Page MenuHomePhabricator

virt1002/labstore1001 network exhaustion
Closed, ResolvedPublic

Description

We have beeen getting port saturation threshold alerts every few minutes for virt1002 & labstore1001. Although the latter is being (slowly) being worked on with #7282, I'm not aware of any work happening regarding virt1002.
Even if we upgrade both, there's nothing suggesting that the capacity will be enough, as I'm not aware of any data pinpointing where this capacity is being used.
This is likely a larger Labs issue that needs to be taken care of. It's being going on for many weeks now and is probably largely degrading Labs' performance to the point that makes me wonder why we're not treating it with a very high priority, possibly even as a Labs outage.

Details

Reference
rt7657

Event Timeline

rtimport raised the priority of this task from to Medium.Dec 18 2014, 1:56 AM
rtimport added a project: ops-core.
rtimport set Reference to rt7657.

On Tue Jun 10 04:38:13 2014, faidon wrote:

We have beeen getting port saturation threshold alerts every few
minutes for virt1002 & labstore1001. Although the latter is being
(slowly) being worked on with #7282, I'm not aware of any work
happening regarding virt1002.

Even if we upgrade both, there's nothing suggesting that the capacity
will be enough, as I'm not aware of any data pinpointing where this
capacity is being used.

This is likely a larger Labs issue that needs to be taken care of.
It's being going on for many weeks now and is probably largely
degrading Labs' performance to the point that makes me wonder why
we're not treating it with a very high priority, possibly even as a
Labs outage.

Right now, virt1002 has most (almost all) of the labs VMs on it, so it ends up
being a sore hotspot.

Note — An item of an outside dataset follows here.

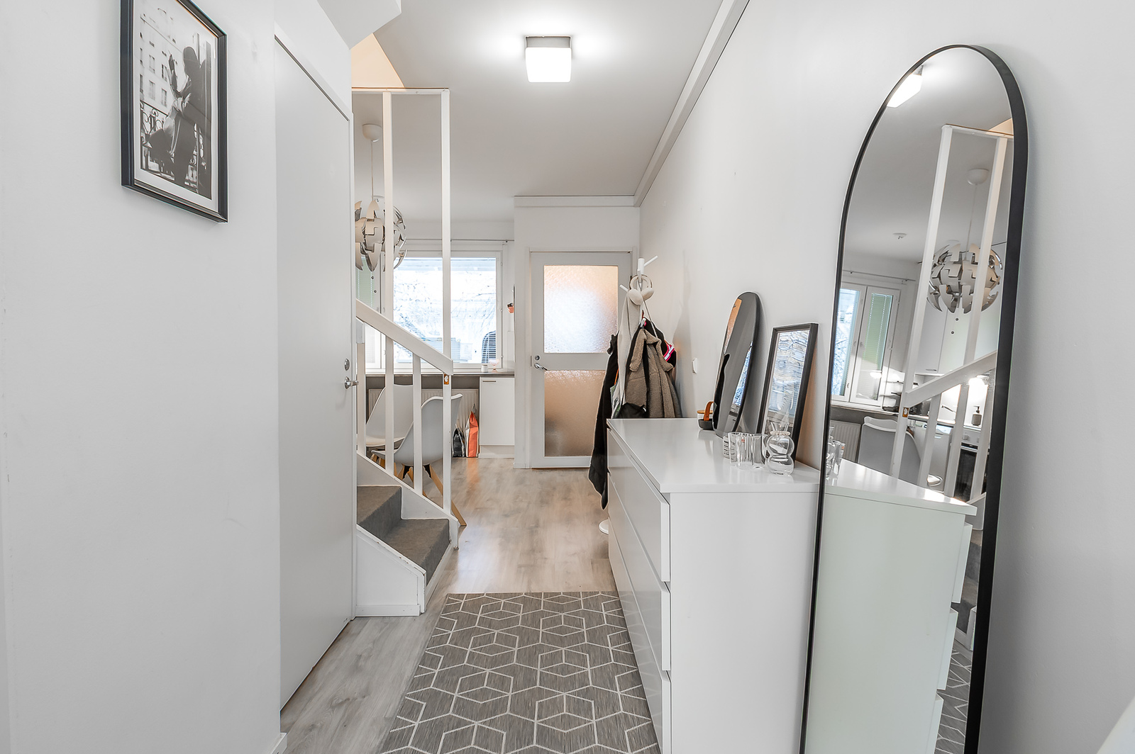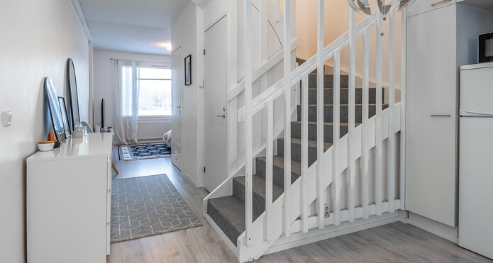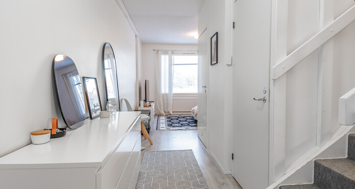 Bostaden har så gott som helrenoverats under de senaste 10 åren. Ytorna har nyligen blivit målade och uppfräschade. Köket har vita skåp och i anslutning till köket finns en matplats med rum för t.ex. en matgrupp för 4 personer. Det finns gott om skåputrymme och avlastningsytor och framför fönstret finns också en bänk, under vilken det ryms barstolar. Vardagsrummet är mycket ljust; alla väggytor är vitmålade och golven är belagda med snyggt planklaminat.

I'm going to look into spreading the load between more
servers in the short term, and applying tc rules to cap the amount of bandwidth
used by Labs.

While you were away, I tracked this to certain CVN VMs. I prodded Krinkle (their maintainer) a couple of times and he promptly moved the file accesses to local storage, which very quickly dropped the bandwidth to saner levels again.
So, this might also be helped by user education -- Krinkle didn't know there was a penalty incurred for access to /data :)

faidon changed the visibility from "WMF-NDA (Project)" to "Public (No Login Required)".
faidon changed the edit policy from "WMF-NDA (Project)" to "All Users".
faidon set Security to None.

This simply requires hunt-and-seek of outliers as they occur.